_TASK STATEMENT_
Here is the task for the listing below: output exactly the lines from the one containing "Fantasy Pink Knight Helmets Clipart Bundle" through the one containing "kolor zielony –", and leave out the pictures.

_AVAILABLE DATA_

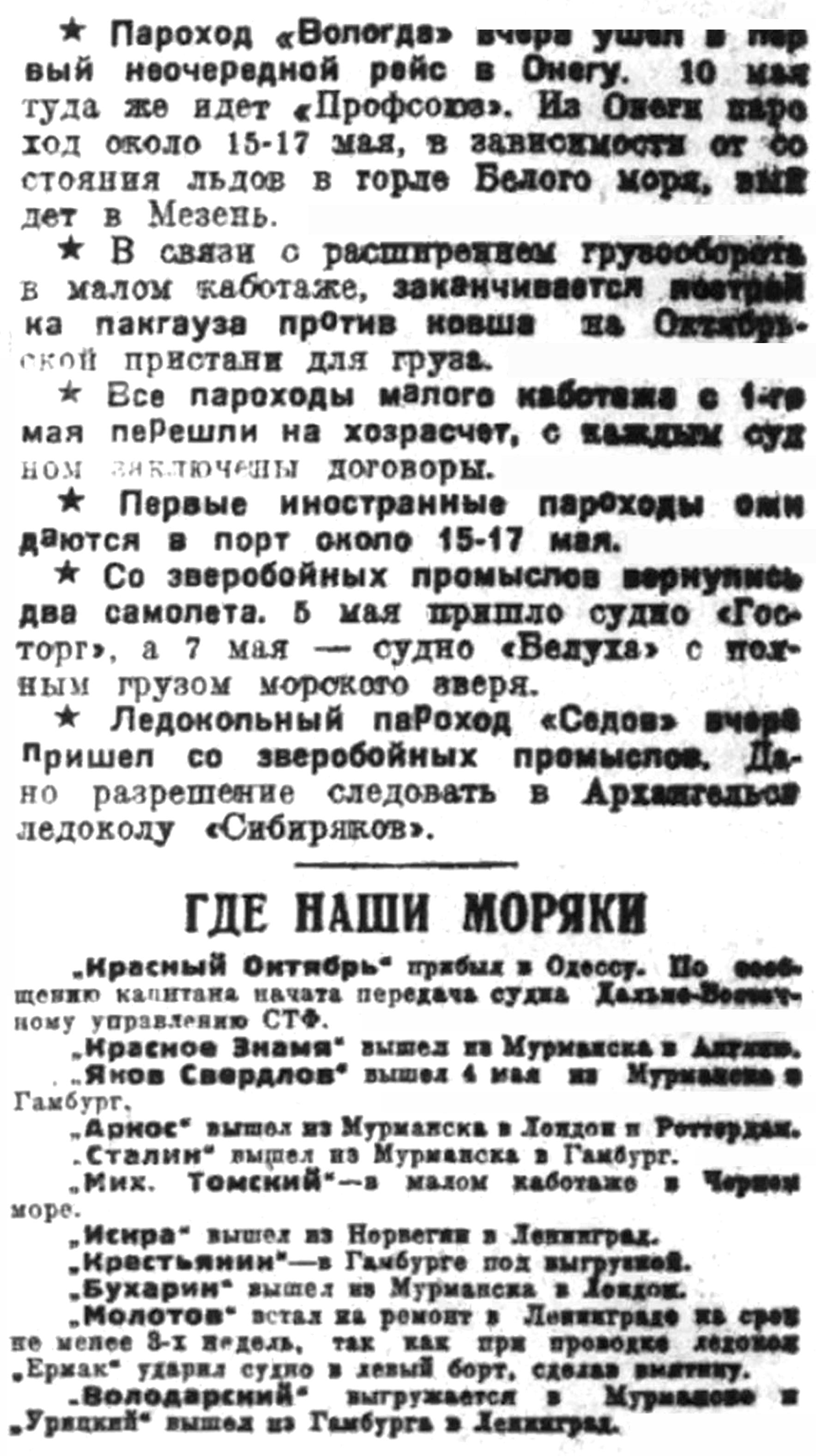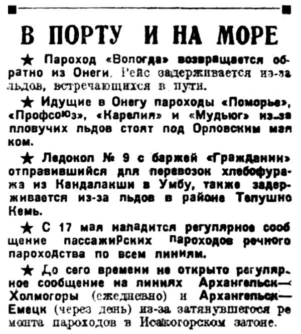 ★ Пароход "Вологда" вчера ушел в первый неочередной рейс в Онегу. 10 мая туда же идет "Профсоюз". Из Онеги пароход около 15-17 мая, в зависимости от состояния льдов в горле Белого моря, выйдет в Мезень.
---
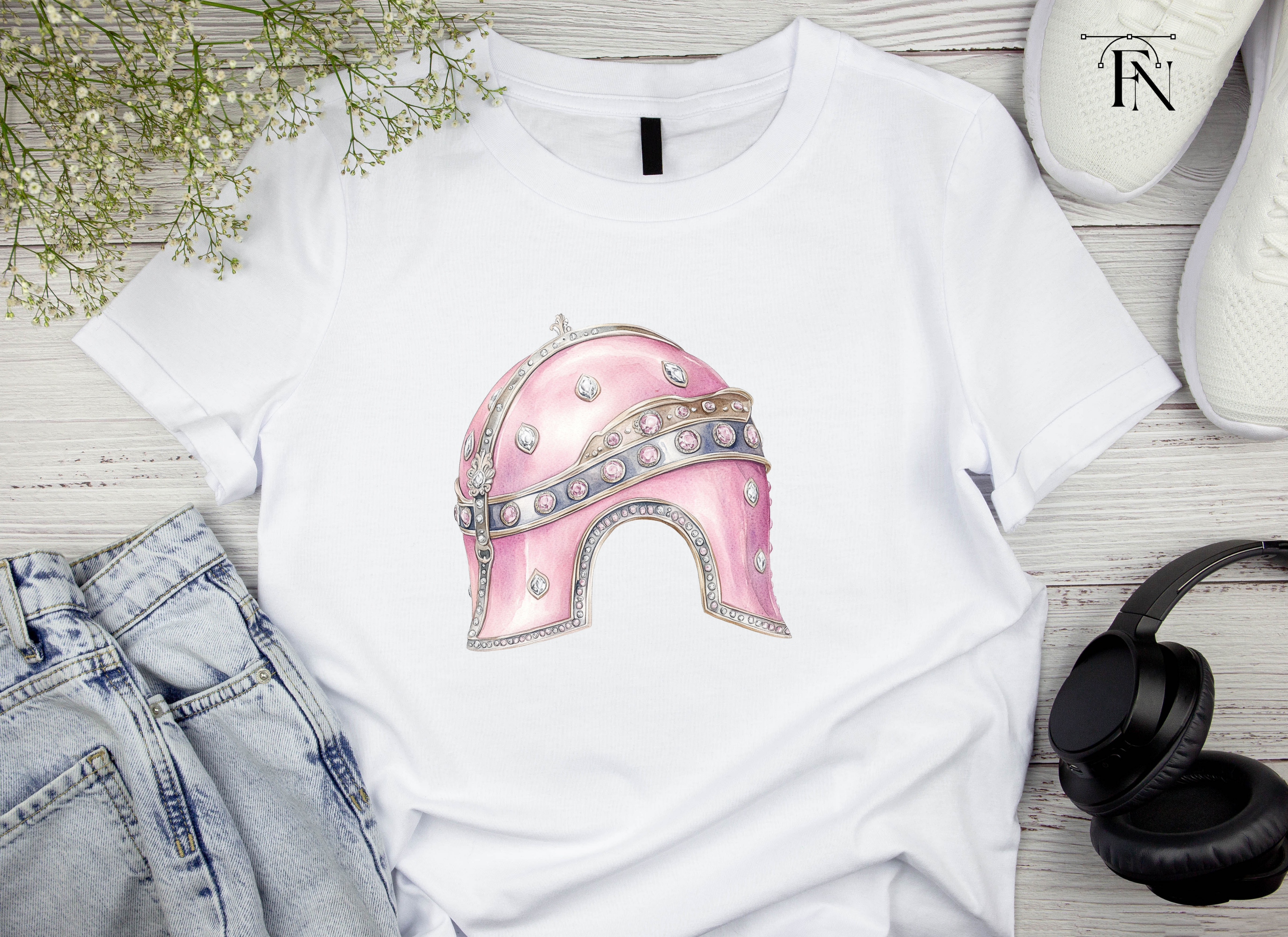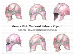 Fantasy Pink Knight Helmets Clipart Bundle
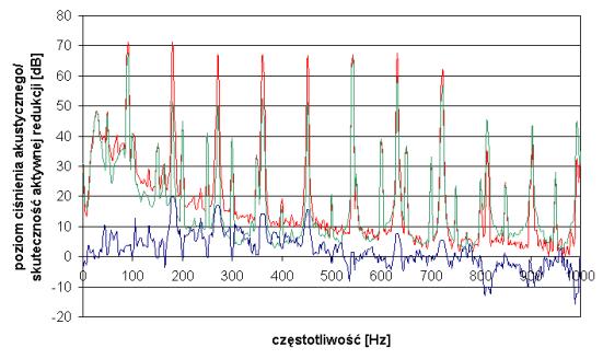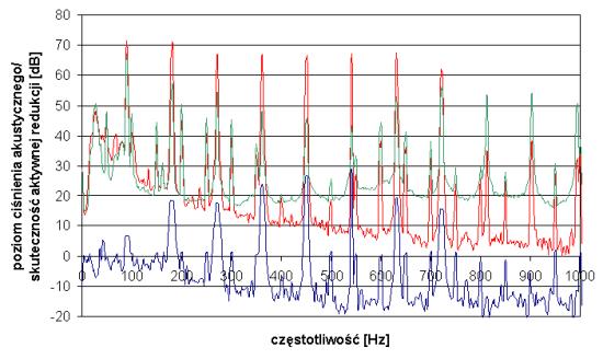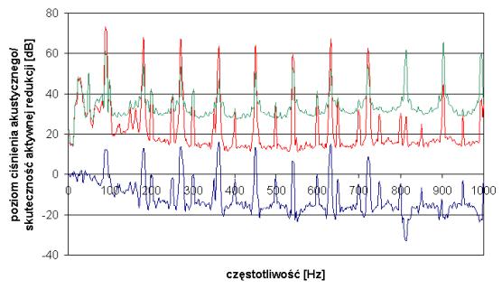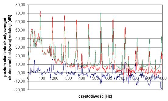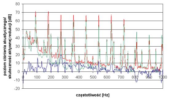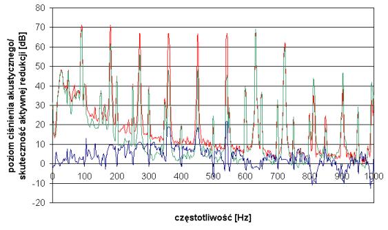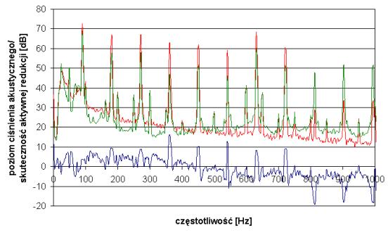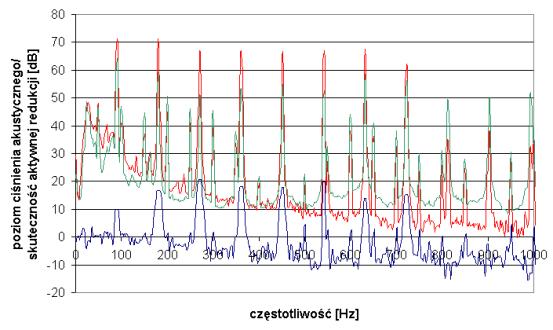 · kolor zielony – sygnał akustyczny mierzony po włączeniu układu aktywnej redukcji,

_RESULT OF THIS TASK_
 Fantasy Pink Knight Helmets Clipart Bundle
 · kolor zielony – sygnał akustyczny mierzony po włączeniu układu aktywnej redukcji,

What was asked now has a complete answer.